• _INFORMATION PROVIDED_:

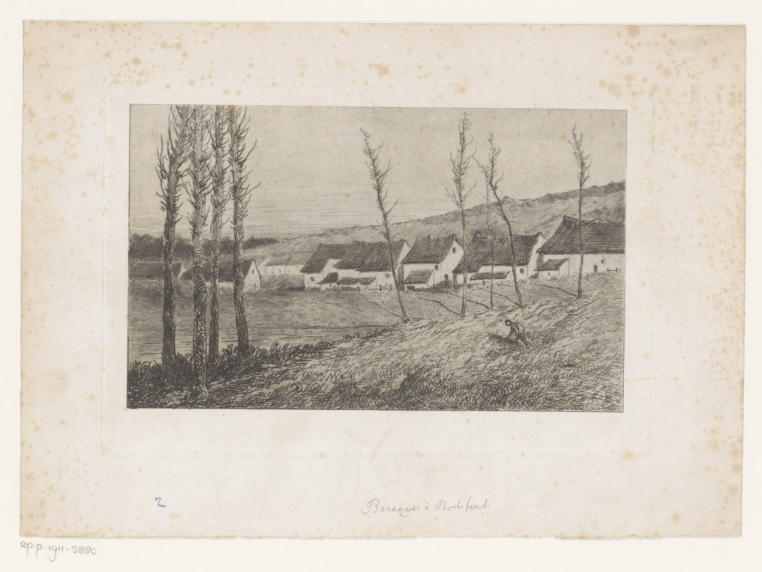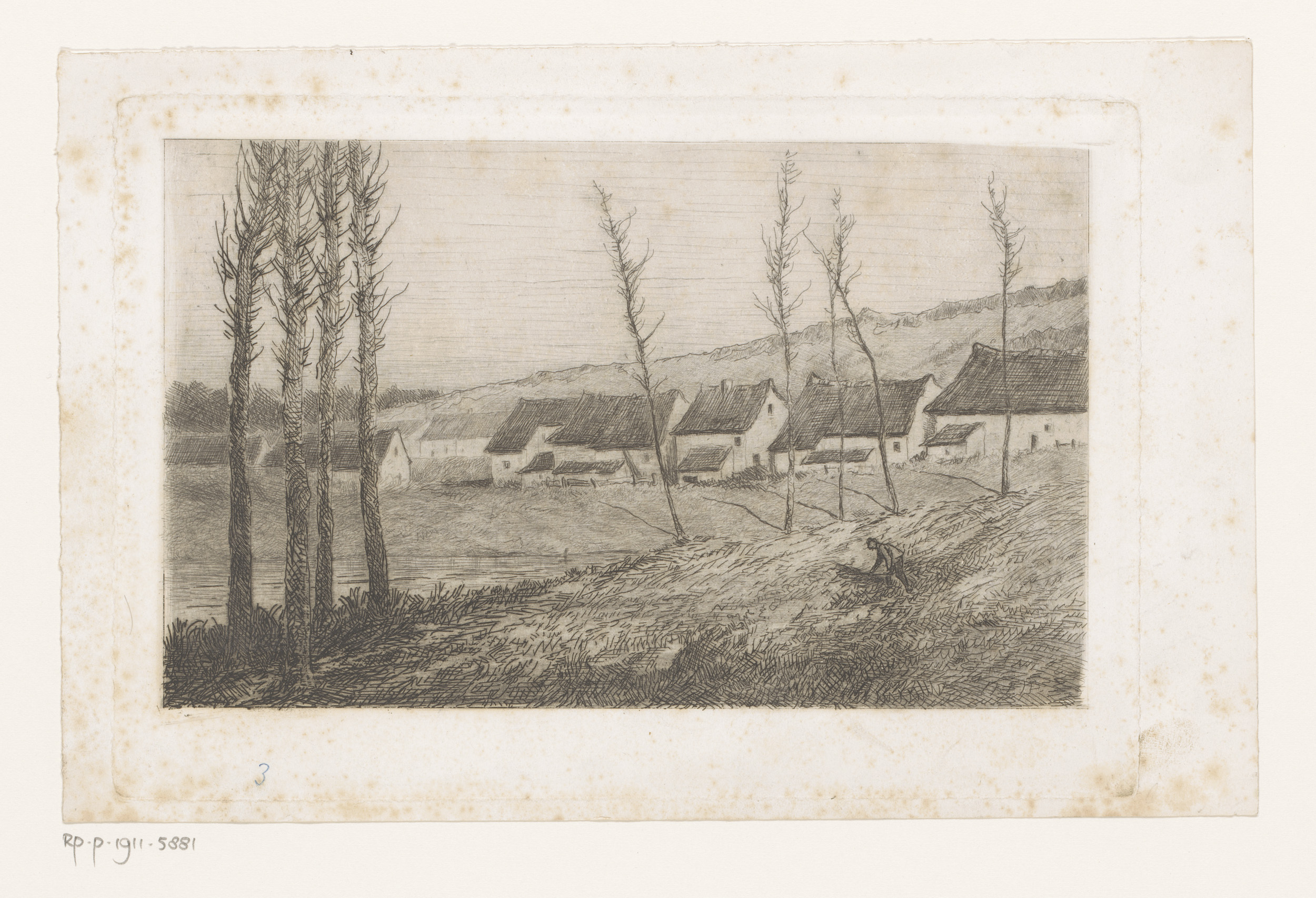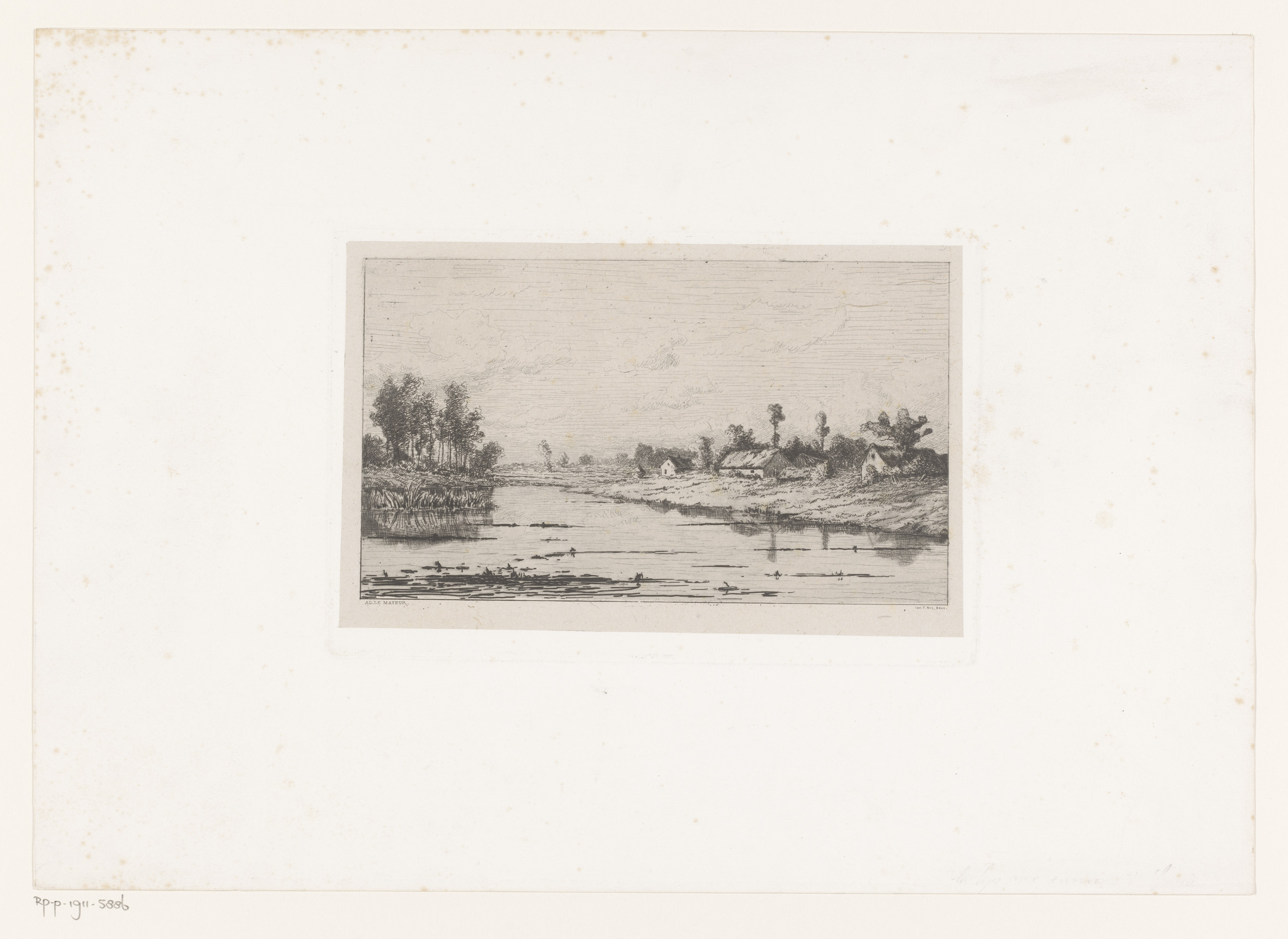 Rivierlandschap met enkele gebouwen
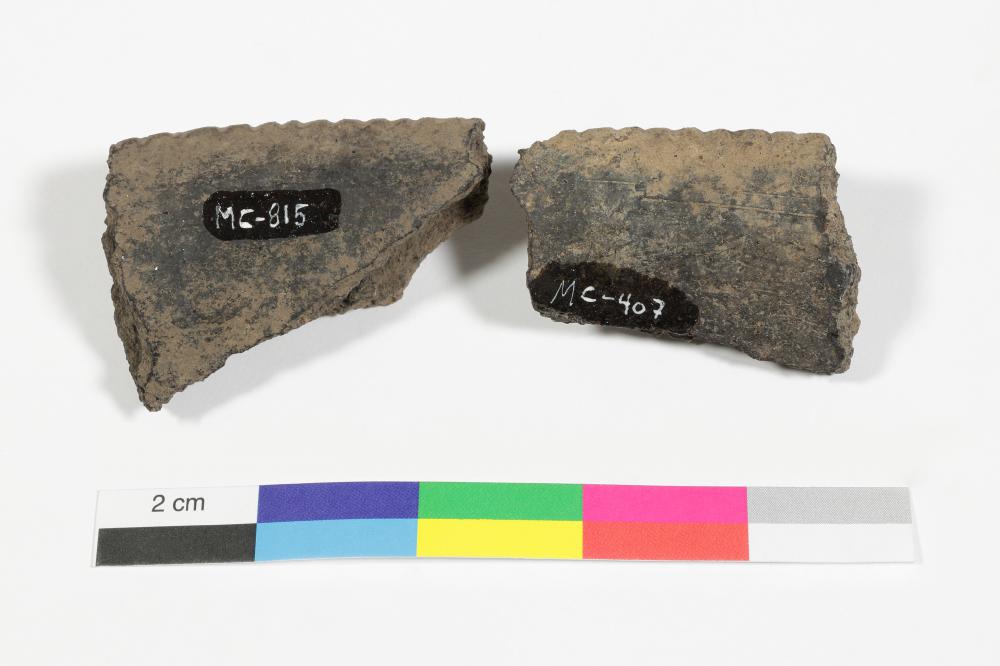 Les fragments de vase à parement font partie de la collection archéologique de référence du Québec, car ce vase à parement décoré de croisillons constitue un exemple de la présence de ce motif à la période récente du Sylvicole supérieur, soit de 650 à 450 ans avant aujourd'hui.
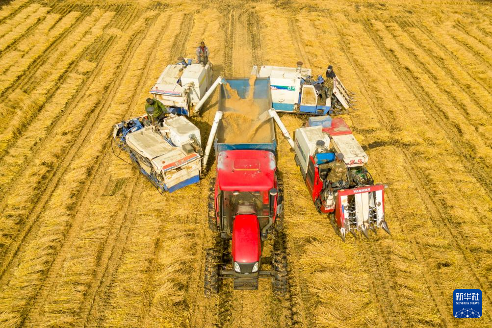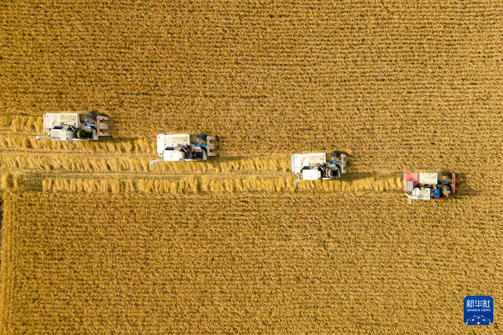 9月22日,农机在黑龙江省重要粮食产区哈尔滨市方正县的稻田中进行收割作业。
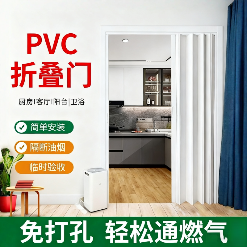 📚 厨房半圆开通燃气隔油烟免打孔天然气验收折叠门塑料一次性临时门

• _WHAT TO WORK ON_:
Once the pictures are set aside, what is needed is the lines from the line with "Les fragments de" through the end of the data, written out exactly and alone.

• _WRITTEN RESPONSE_:
 Les fragments de vase à parement font partie de la collection archéologique de référence du Québec, car ce vase à parement décoré de croisillons constitue un exemple de la présence de ce motif à la période récente du Sylvicole supérieur, soit de 650 à 450 ans avant aujourd'hui.
 9月22日,农机在黑龙江省重要粮食产区哈尔滨市方正县的稻田中进行收割作业。
 📚 厨房半圆开通燃气隔油烟免打孔天然气验收折叠门塑料一次性临时门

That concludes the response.